▶ **Dataset records**
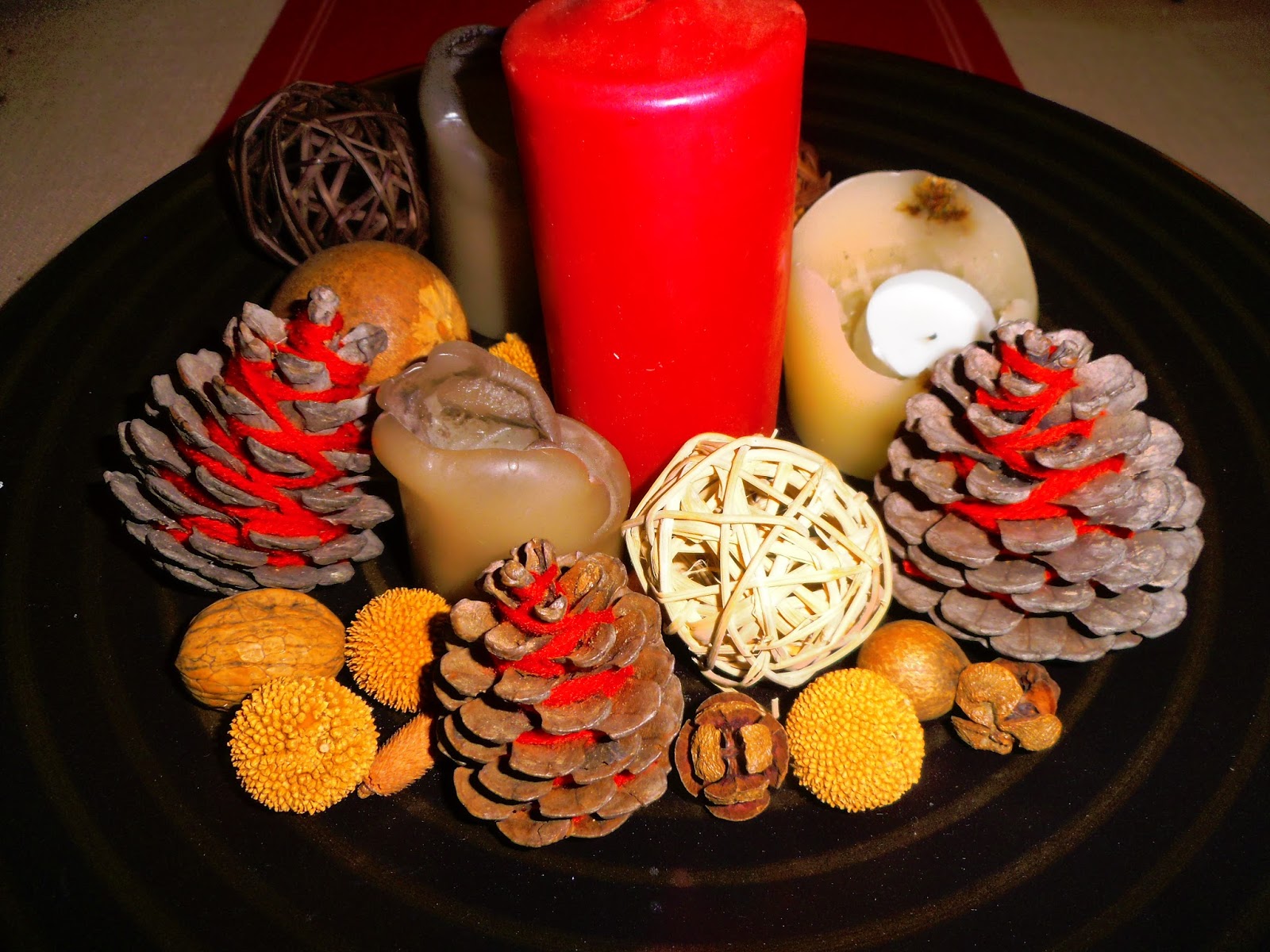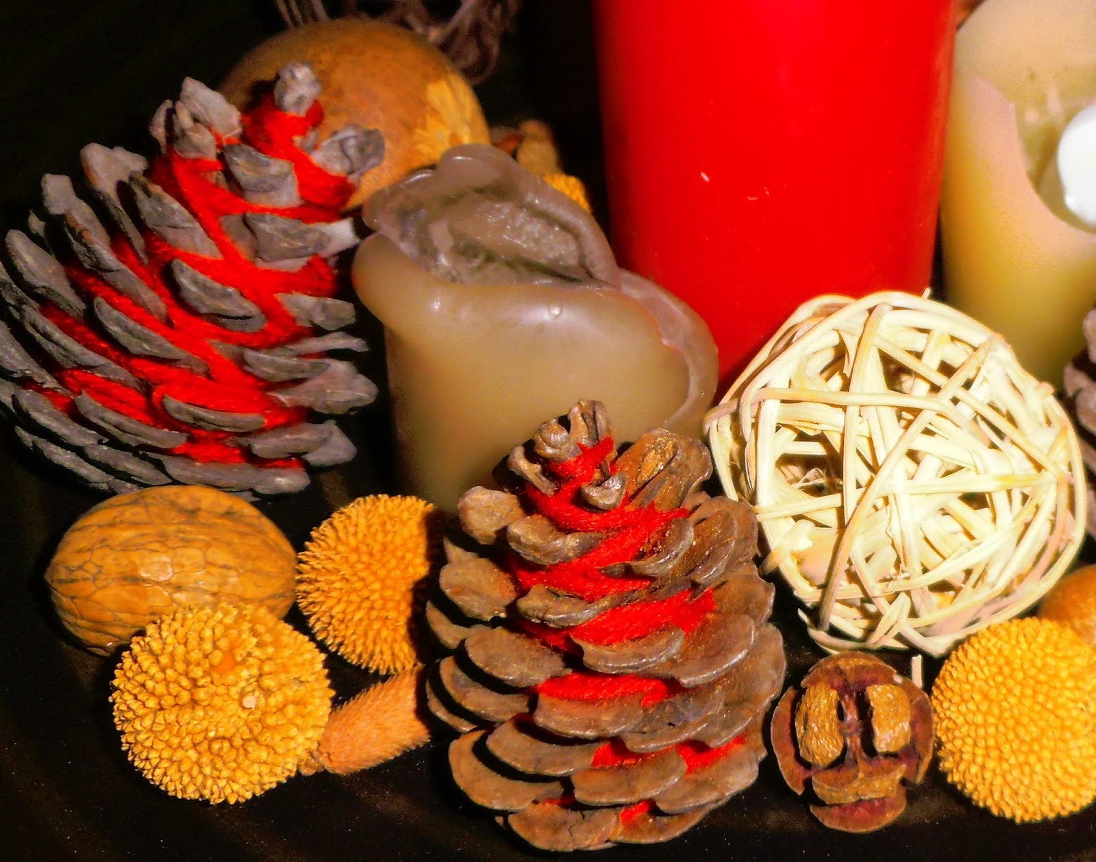 Κοίτα πως μπορείς να δώσεις χρώμα στα κουκουνάρια!!! Πάρα πολύ όμορφα τα έκανες! Το κόκκινο το λατρεύω!!
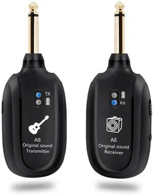 A8 Wireless Guitar Transmitter Receiver System - 2.4GHz Rechargeable, 24-bit/48KHz Audio, Low Latency <4ms for Electric Guitar & Bass - Clean Wireless Audio for MUSIC and BASS GUITARS
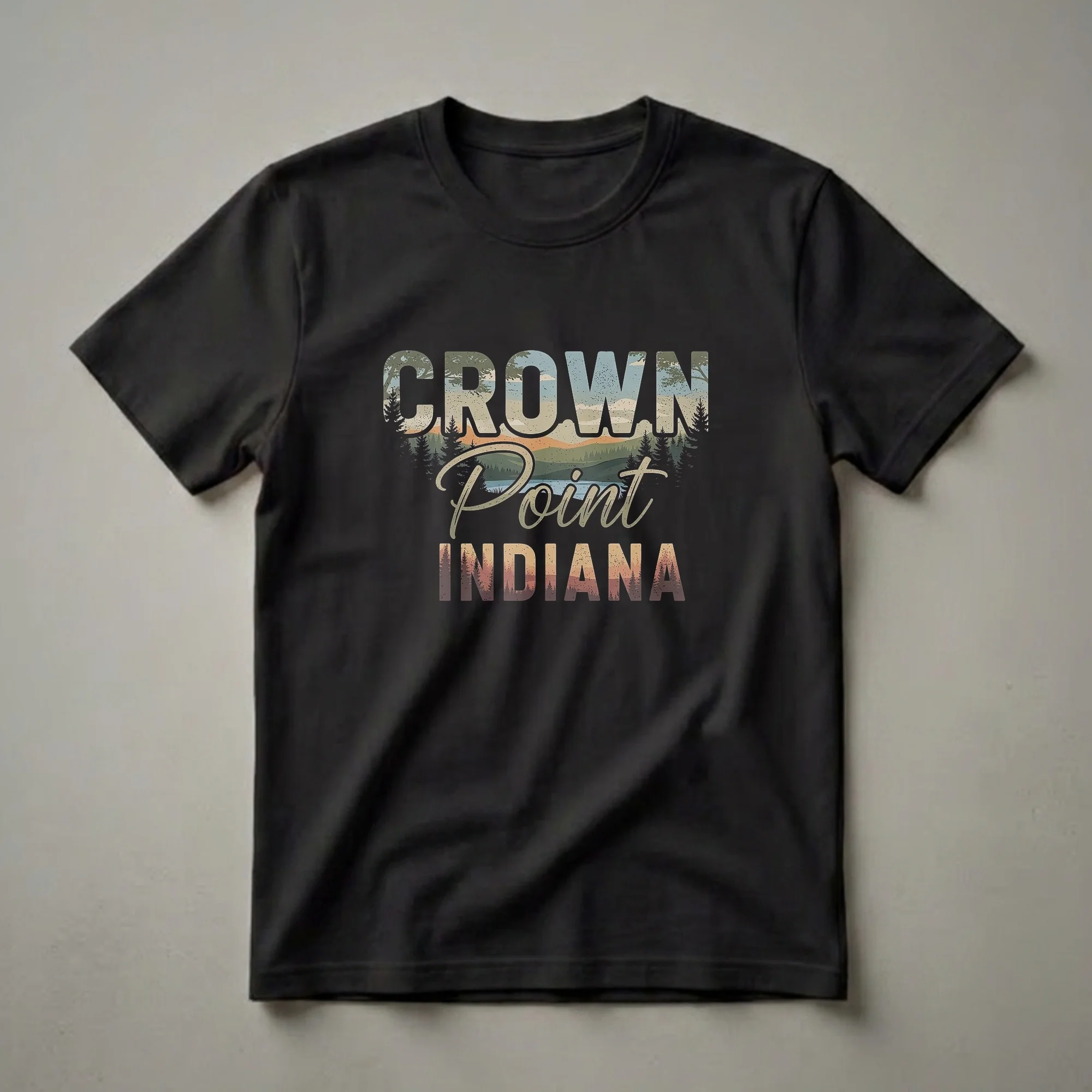 Crown Point, Indiana residents and visitors can now showcase their hometown pride with this striking retro graphic tee. The design features the words "CROWN POINT INDIANA" filled with a vintage landscape scene. This scenic vista includes silhouetted pine trees in the foreground, a serene lake reflecting the sky, and rolling hills or mountains in the distance, all rendered in a muted, earthy color palette. The "CROWN" text is in a bold, distressed font, while "Point" is in a flowing script, and "INDIANA" is in a blocky, textured style. This t-shirt works well for anyone who has a connection to the city, whether they grew up there, have family there, or simply enjoy visiting. It makes a thoughtful gift for a friend or family member who cherishes their roots in Northwest Indiana. Wear this shirt to local events, casual outings, or while exploring the natural beauty of the region. Crown Point is known for its historic courthouse square and its proximity to the Indiana Dunes National Park, offering a blend of small-town charm and access to outdoor recreation. This apparel is a unique way to represent your appreciation for this Midwestern gem.
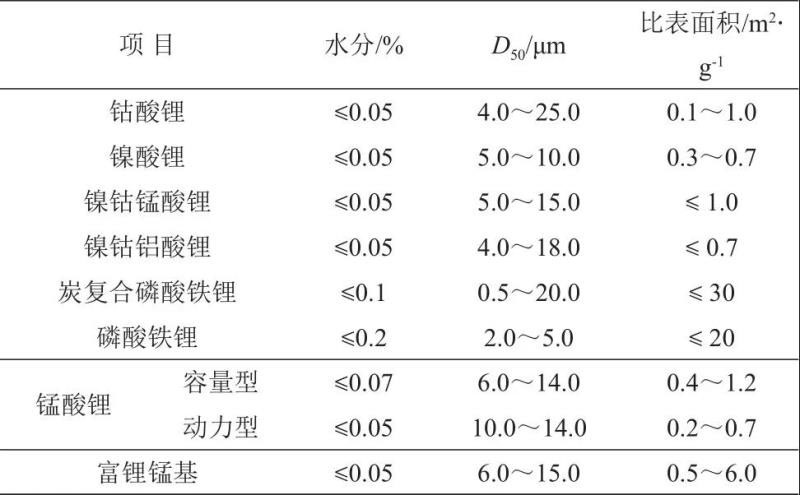 表9 正極材料標(biāo)準(zhǔn)中水分含量要求
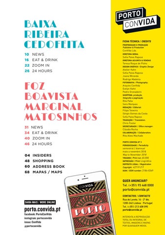 FOZ BOAVISTA MARGINAL MATOSINHOS 31 NEWS 34 EAT & DRINK 40 ZOOM IN 46 24 HOURS 04 INSIDERS 48 SHOPPING 60 ADDRESS BOOK 68 MAPAS / MAPS

▶ **Exercise brief**
Exact copy, pictures removed: set down the whole listing above.

▶ **Output for this exercise**
 Κοίτα πως μπορείς να δώσεις χρώμα στα κουκουνάρια!!! Πάρα πολύ όμορφα τα έκανες! Το κόκκινο το λατρεύω!!
 A8 Wireless Guitar Transmitter Receiver System - 2.4GHz Rechargeable, 24-bit/48KHz Audio, Low Latency <4ms for Electric Guitar & Bass - Clean Wireless Audio for MUSIC and BASS GUITARS
 Crown Point, Indiana residents and visitors can now showcase their hometown pride with this striking retro graphic tee. The design features the words "CROWN POINT INDIANA" filled with a vintage landscape scene. This scenic vista includes silhouetted pine trees in the foreground, a serene lake reflecting the sky, and rolling hills or mountains in the distance, all rendered in a muted, earthy color palette. The "CROWN" text is in a bold, distressed font, while "Point" is in a flowing script, and "INDIANA" is in a blocky, textured style. This t-shirt works well for anyone who has a connection to the city, whether they grew up there, have family there, or simply enjoy visiting. It makes a thoughtful gift for a friend or family member who cherishes their roots in Northwest Indiana. Wear this shirt to local events, casual outings, or while exploring the natural beauty of the region. Crown Point is known for its historic courthouse square and its proximity to the Indiana Dunes National Park, offering a blend of small-town charm and access to outdoor recreation. This apparel is a unique way to represent your appreciation for this Midwestern gem.
 表9 正極材料標(biāo)準(zhǔn)中水分含量要求
 FOZ BOAVISTA MARGINAL MATOSINHOS 31 NEWS 34 EAT & DRINK 40 ZOOM IN 46 24 HOURS 04 INSIDERS 48 SHOPPING 60 ADDRESS BOOK 68 MAPAS / MAPS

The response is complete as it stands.